DATA>
* * *
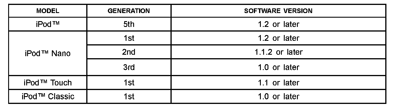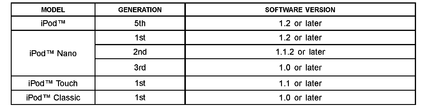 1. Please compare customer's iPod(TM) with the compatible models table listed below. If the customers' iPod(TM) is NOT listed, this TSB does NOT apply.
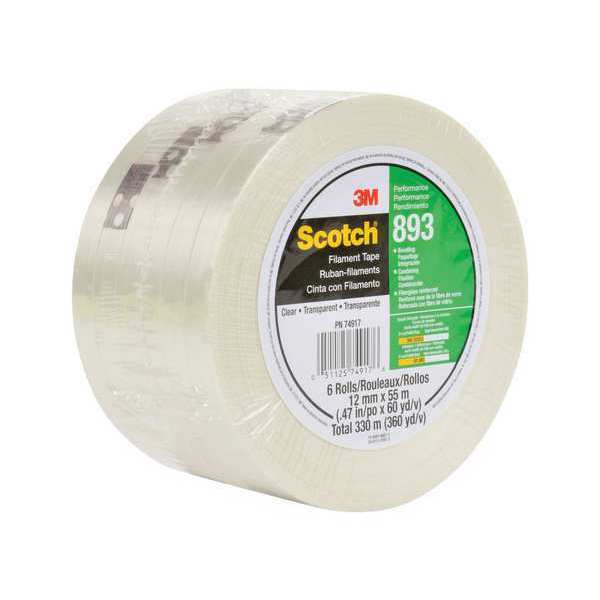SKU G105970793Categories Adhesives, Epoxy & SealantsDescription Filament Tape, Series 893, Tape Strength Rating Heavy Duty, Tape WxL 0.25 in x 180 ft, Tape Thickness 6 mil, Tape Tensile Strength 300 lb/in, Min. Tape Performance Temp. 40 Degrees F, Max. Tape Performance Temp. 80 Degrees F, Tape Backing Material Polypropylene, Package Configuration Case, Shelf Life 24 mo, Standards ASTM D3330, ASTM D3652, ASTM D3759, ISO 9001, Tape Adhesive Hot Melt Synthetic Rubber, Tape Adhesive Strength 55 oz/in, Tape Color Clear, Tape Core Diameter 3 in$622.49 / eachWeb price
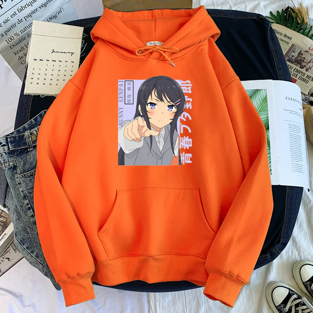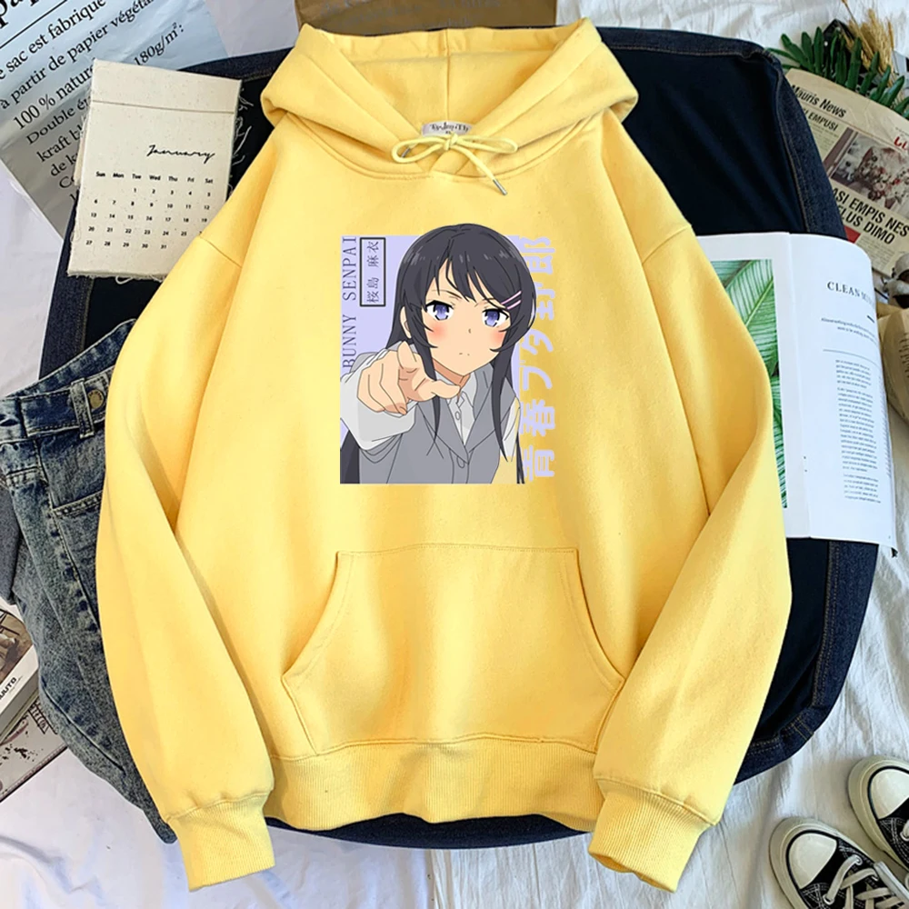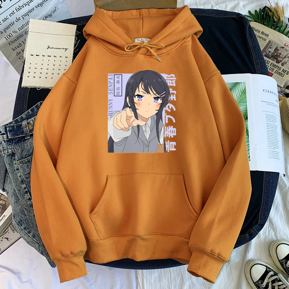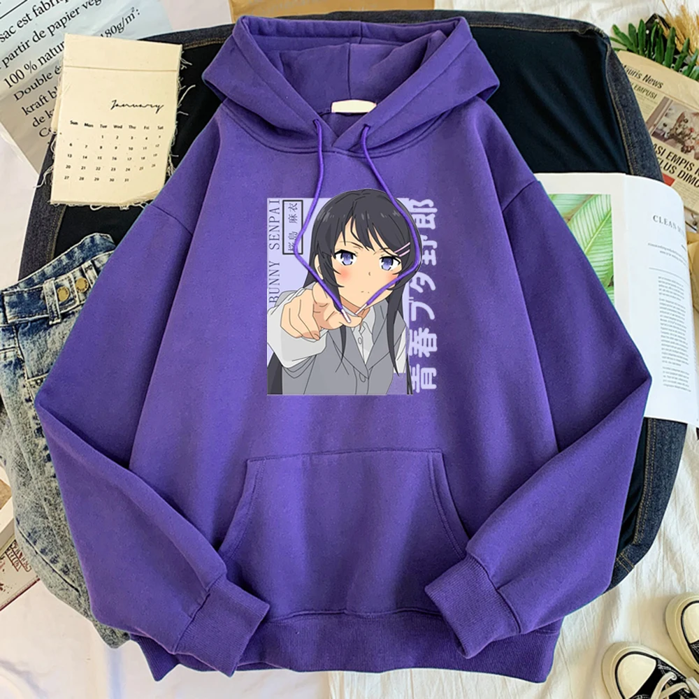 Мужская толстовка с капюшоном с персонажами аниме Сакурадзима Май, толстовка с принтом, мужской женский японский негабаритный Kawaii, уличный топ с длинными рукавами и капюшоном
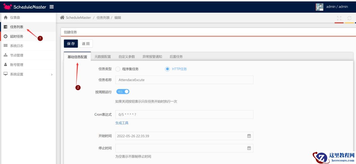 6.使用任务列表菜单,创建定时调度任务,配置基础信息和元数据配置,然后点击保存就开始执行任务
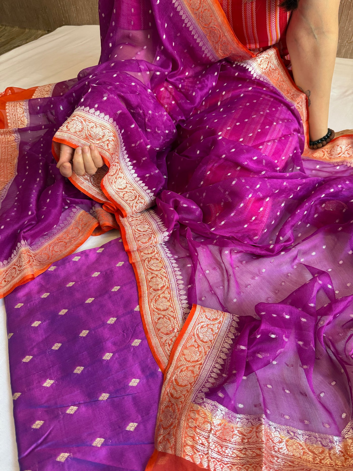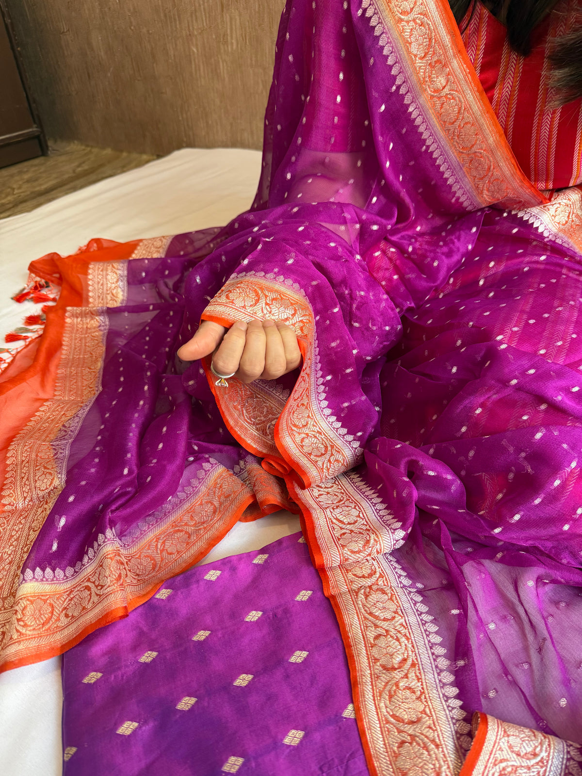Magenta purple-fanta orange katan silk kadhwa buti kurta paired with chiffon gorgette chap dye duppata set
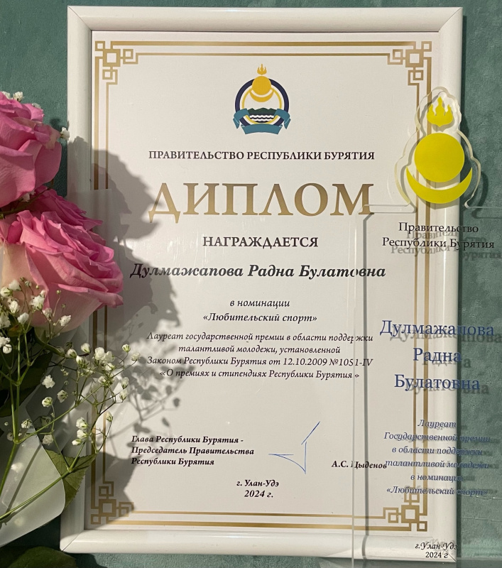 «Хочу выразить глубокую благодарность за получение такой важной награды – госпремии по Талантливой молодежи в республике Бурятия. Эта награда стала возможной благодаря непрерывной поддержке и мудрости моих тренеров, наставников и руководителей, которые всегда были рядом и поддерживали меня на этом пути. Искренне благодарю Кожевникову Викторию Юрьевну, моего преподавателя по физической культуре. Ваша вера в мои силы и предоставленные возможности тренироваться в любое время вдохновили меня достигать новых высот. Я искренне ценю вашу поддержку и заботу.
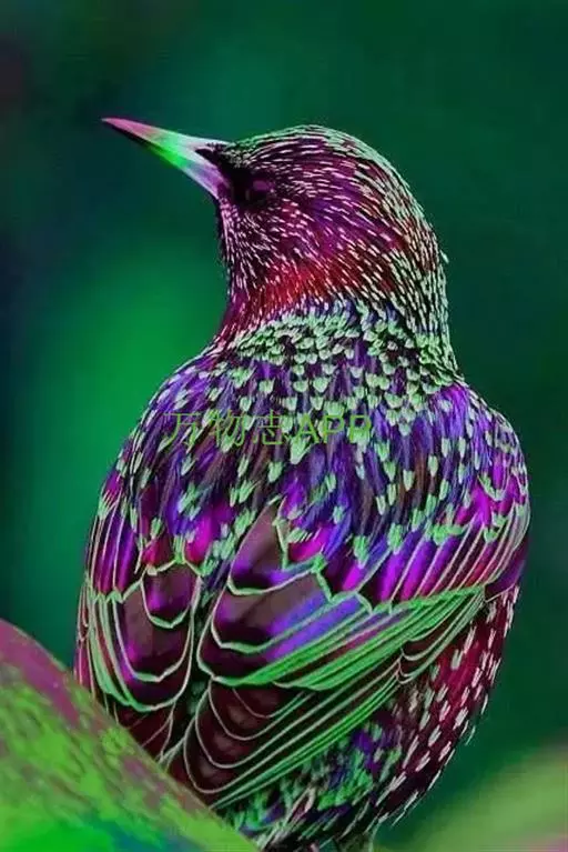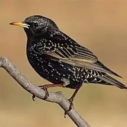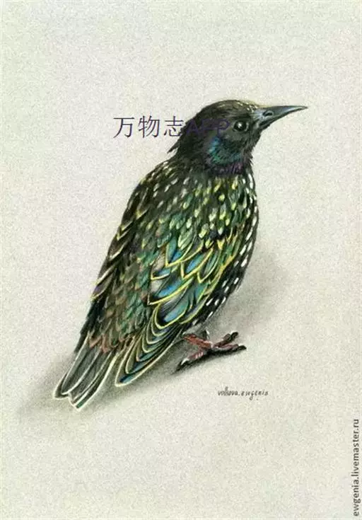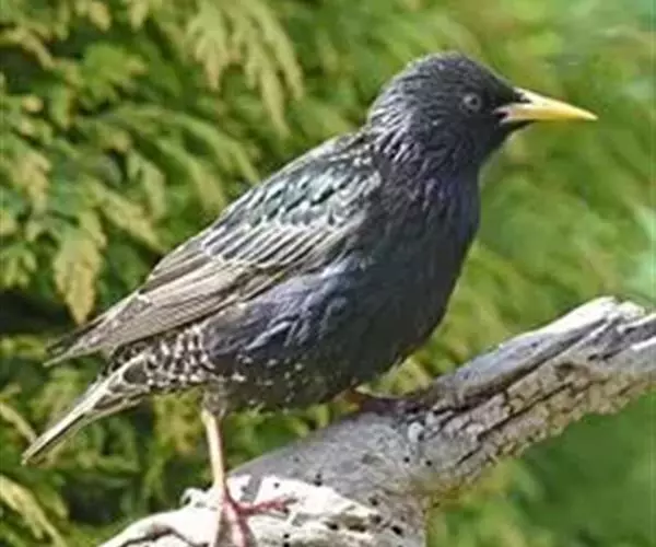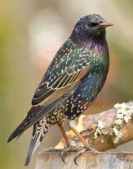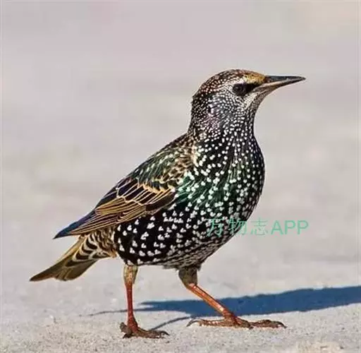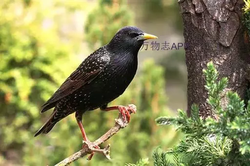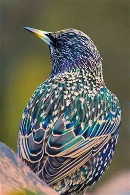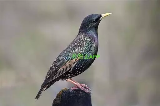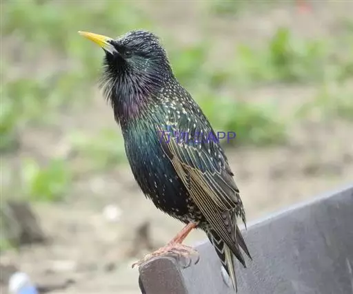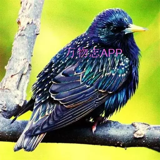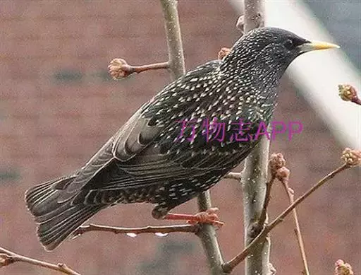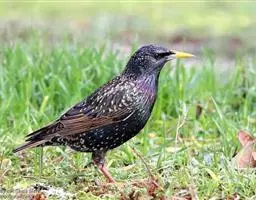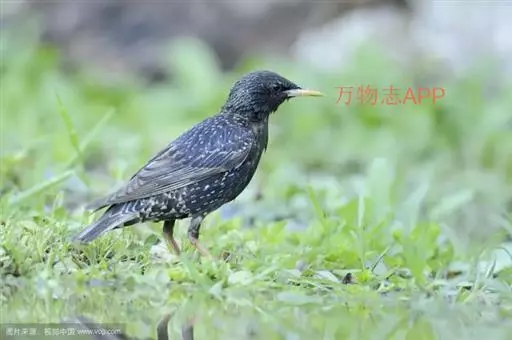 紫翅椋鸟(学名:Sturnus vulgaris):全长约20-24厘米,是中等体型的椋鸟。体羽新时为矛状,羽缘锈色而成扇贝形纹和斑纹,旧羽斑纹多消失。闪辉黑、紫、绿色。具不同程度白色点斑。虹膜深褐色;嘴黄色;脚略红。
* * *
TRY IT>
Please repeat, exactly as written, the lines in the records above, starting with the one that has "Мужская толстовка с" and going on through the one that has "поддержку и заботу.". Pictures are to be left out.

TASK RESPONSE>
 Мужская толстовка с капюшоном с персонажами аниме Сакурадзима Май, толстовка с принтом, мужской женский японский негабаритный Kawaii, уличный топ с длинными рукавами и капюшоном
 6.使用任务列表菜单,创建定时调度任务,配置基础信息和元数据配置,然后点击保存就开始执行任务
Magenta purple-fanta orange katan silk kadhwa buti kurta paired with chiffon gorgette chap dye duppata set
 «Хочу выразить глубокую благодарность за получение такой важной награды – госпремии по Талантливой молодежи в республике Бурятия. Эта награда стала возможной благодаря непрерывной поддержке и мудрости моих тренеров, наставников и руководителей, которые всегда были рядом и поддерживали меня на этом пути. Искренне благодарю Кожевникову Викторию Юрьевну, моего преподавателя по физической культуре. Ваша вера в мои силы и предоставленные возможности тренироваться в любое время вдохновили меня достигать новых высот. Я искренне ценю вашу поддержку и заботу.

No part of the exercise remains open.